**EXERCISE DESCRIPTION**
Output the data in full. Keep every word exact and exclude the pictures.

**SUPPLIED INFORMATION**
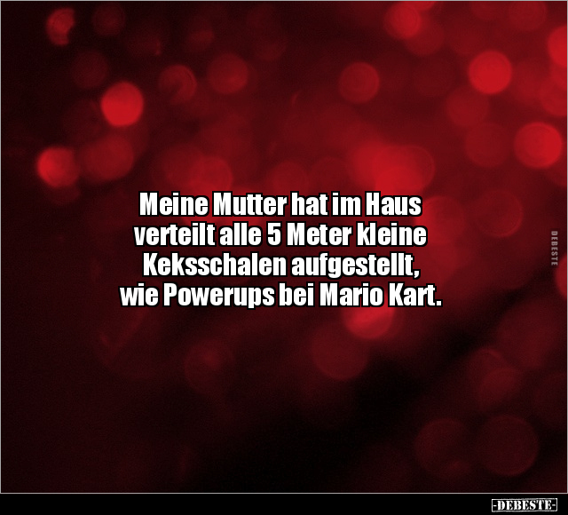 Meine Mutter hat im Haus verteilt alle 5 Meter kleine Keksschalen aufgestellt, wie Powerups bei Mario Kart.
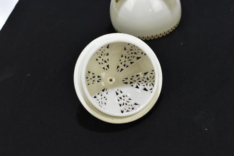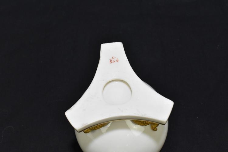 Lot 1743 of 2131: An unmarked Royal Worcester potpourri gilt heightened cream ground bowl and cover raised on three stylised serpent supports to tripartite base, painted no.14/844 to base, height 15cm.
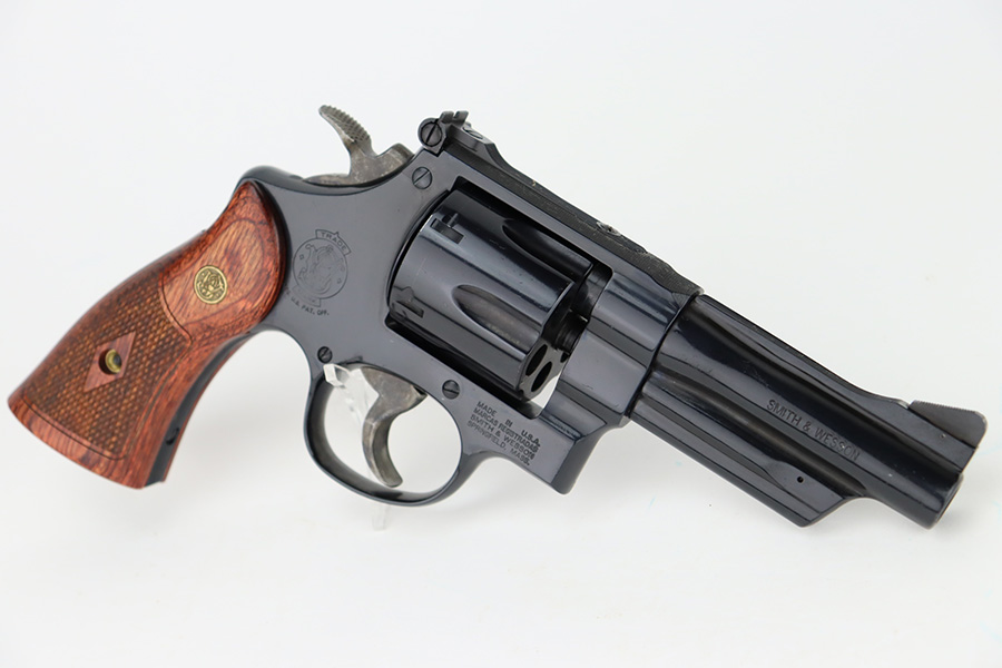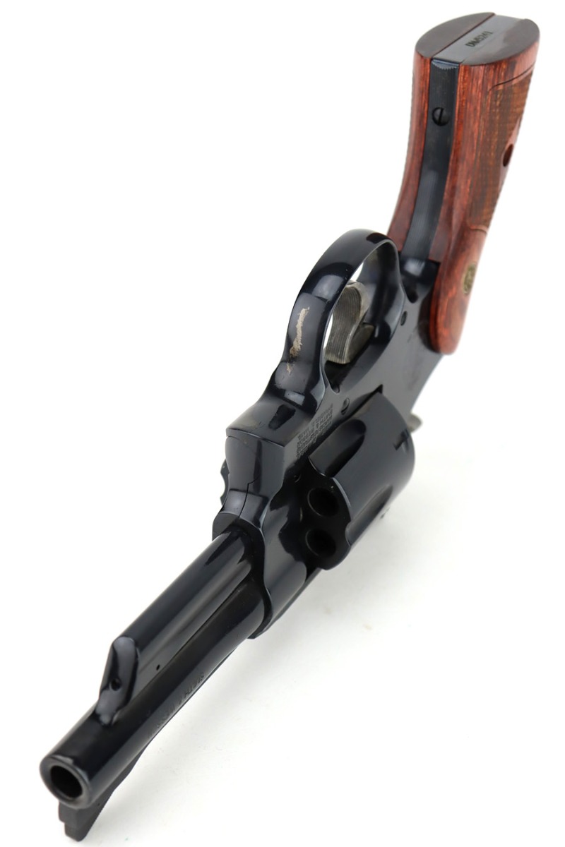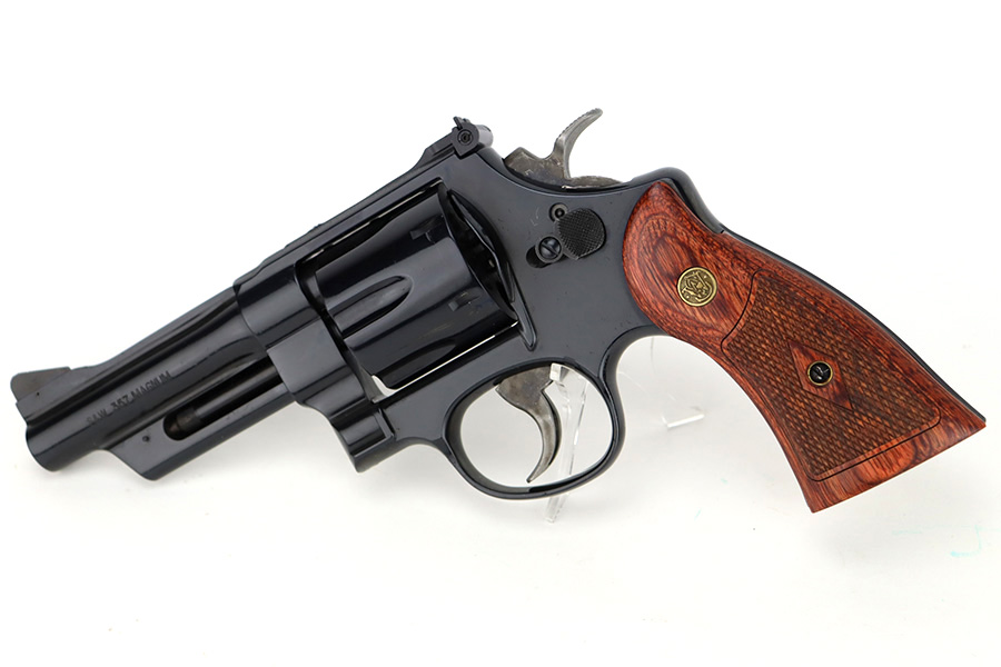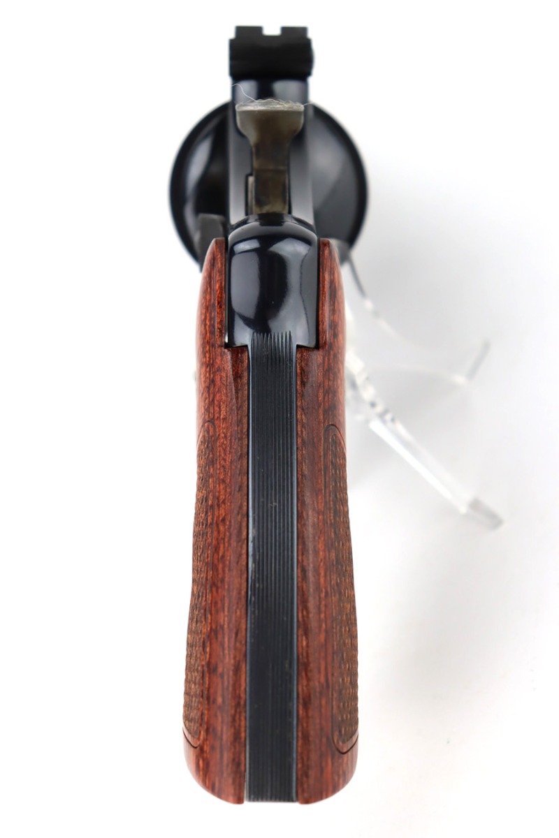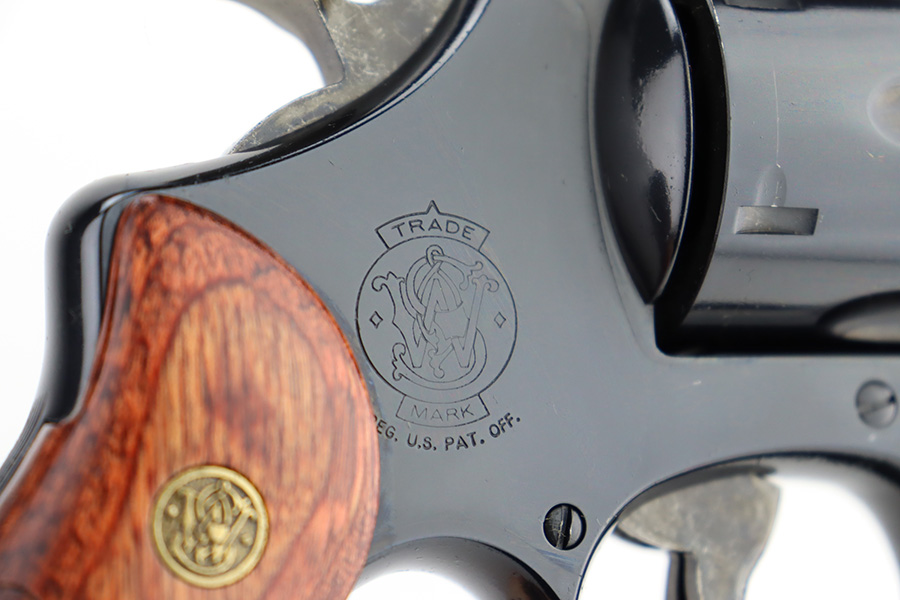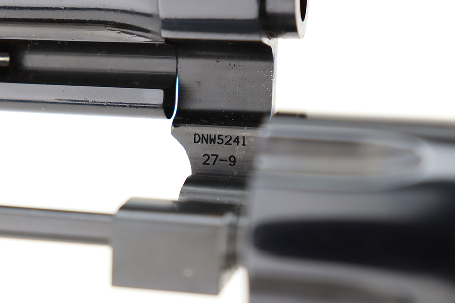 12/14/23 – This is a near-mint example of a Smith & Wesson Model 27-9, chambered in .357 Magnum. 4″ barrel. The original high polish finish rates about 98% with just one small spot of wear on the underside of the trigger guard. Just a hint of a roll mark on the cylinder. Fitted with beautiful checkered wood grips. Mint bore.

**TASK RESULT**
 Meine Mutter hat im Haus verteilt alle 5 Meter kleine Keksschalen aufgestellt, wie Powerups bei Mario Kart.
 Lot 1743 of 2131: An unmarked Royal Worcester potpourri gilt heightened cream ground bowl and cover raised on three stylised serpent supports to tripartite base, painted no.14/844 to base, height 15cm.
 12/14/23 – This is a near-mint example of a Smith & Wesson Model 27-9, chambered in .357 Magnum. 4″ barrel. The original high polish finish rates about 98% with just one small spot of wear on the underside of the trigger guard. Just a hint of a roll mark on the cylinder. Fitted with beautiful checkered wood grips. Mint bore.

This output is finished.